Prompt: The answer is to be the data that follows, transcribed exactly, minus its pictures.
START Input data
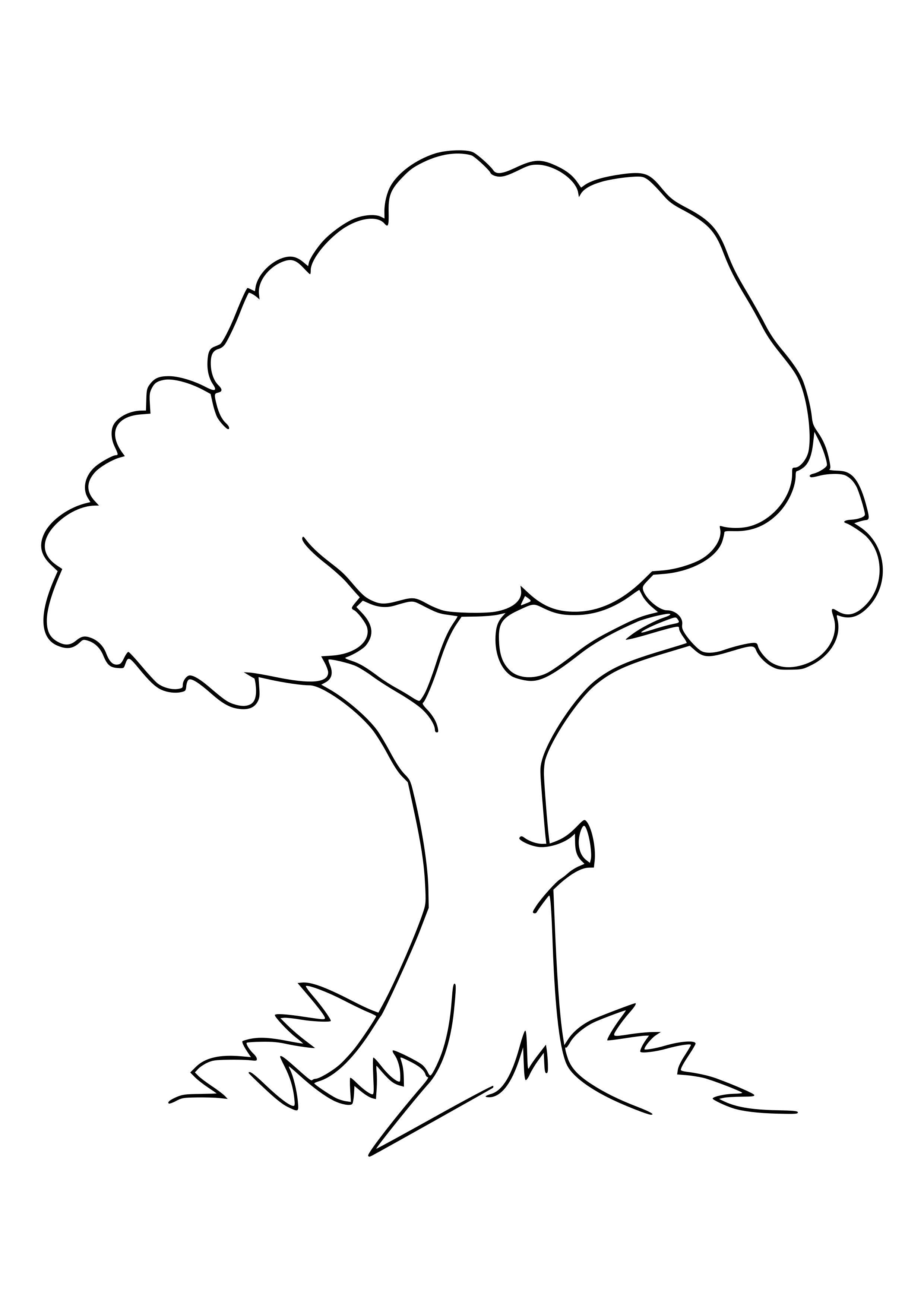 Раскраска красивое летнее дерево. Картинка подходит как шаблоны для вырезания элементов дерева из бумаги для детской аппликации.
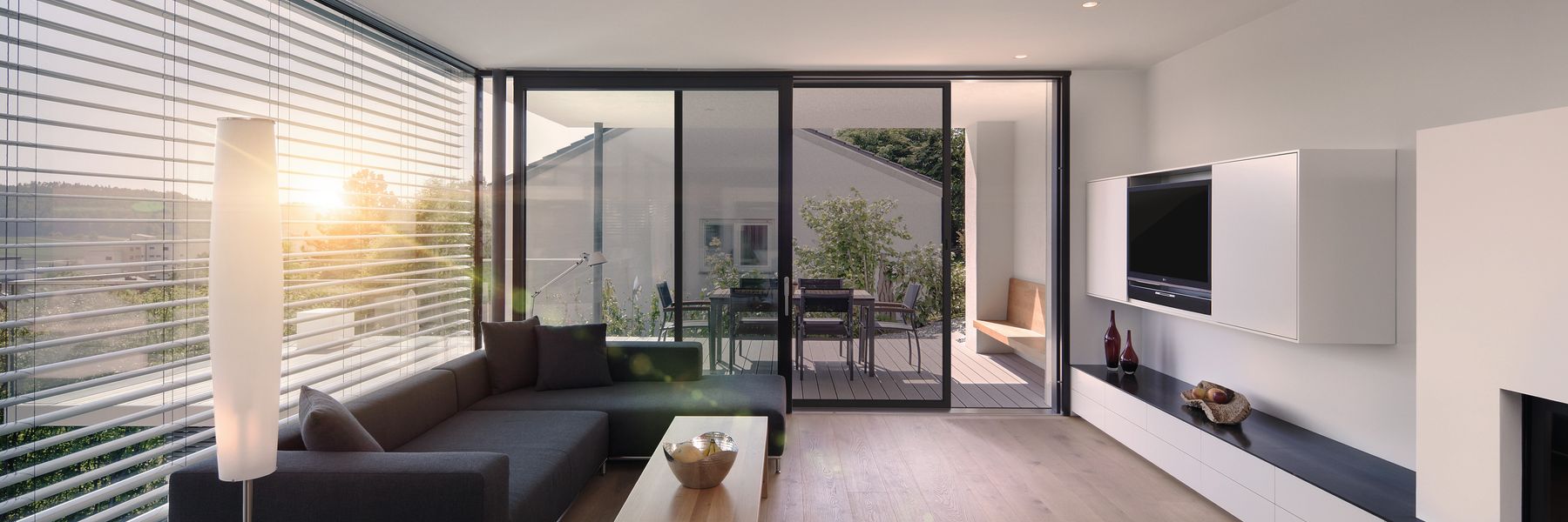 Genießen Sie Tageslicht und Privatsphäre gleichermaßen. Mit WAREMA Außenjalousien – Fachleute sagen auch Raffstore dazu – schaffen Sie in Ihrem Zuhause oder im Büro ein Ambiente, in dem Sie sich rundum wohlfühlen. Individuell einstellbare Lamellenwinkel ermöglichen Ihnen dabei sowohl die Steuerung des Sonnenlichteinfalls nach Ihren Wünschen, als auch Schutz vor unerwünschten Blicken. Finden Sie hier genau die Außenjalousie, die zu den individuellen architektonischen Anforderungen Ihrer Fassade passt. Auch Sonderformen sind für uns kein Problem.
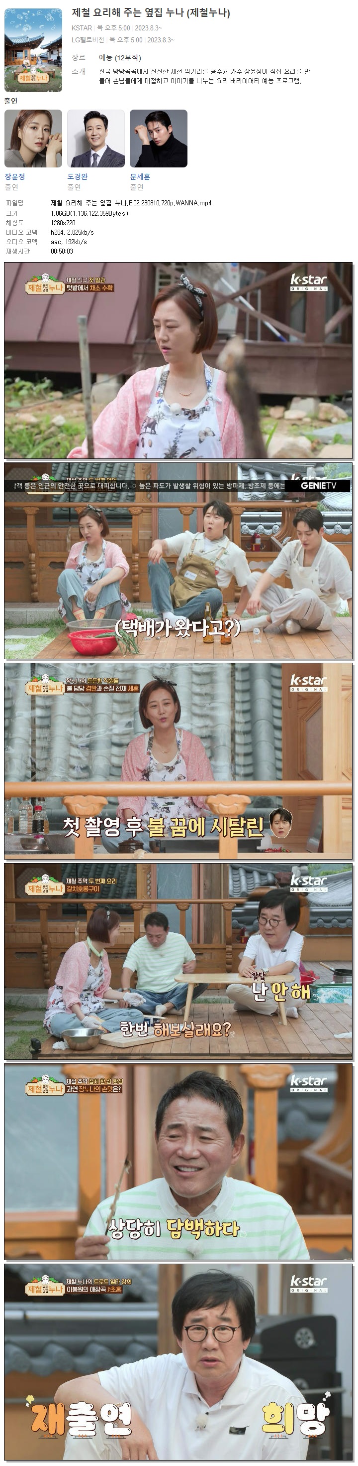 | 제철 요리해 주는 옆집 누나.E02.230810.720p.WANNA.mp4 | 1.1 G | 00:50:03 | 1280x720 |
END Input data
Reply to the exercise:
 Раскраска красивое летнее дерево. Картинка подходит как шаблоны для вырезания элементов дерева из бумаги для детской аппликации.
 Genießen Sie Tageslicht und Privatsphäre gleichermaßen. Mit WAREMA Außenjalousien – Fachleute sagen auch Raffstore dazu – schaffen Sie in Ihrem Zuhause oder im Büro ein Ambiente, in dem Sie sich rundum wohlfühlen. Individuell einstellbare Lamellenwinkel ermöglichen Ihnen dabei sowohl die Steuerung des Sonnenlichteinfalls nach Ihren Wünschen, als auch Schutz vor unerwünschten Blicken. Finden Sie hier genau die Außenjalousie, die zu den individuellen architektonischen Anforderungen Ihrer Fassade passt. Auch Sonderformen sind für uns kein Problem.
 | 제철 요리해 주는 옆집 누나.E02.230810.720p.WANNA.mp4 | 1.1 G | 00:50:03 | 1280x720 |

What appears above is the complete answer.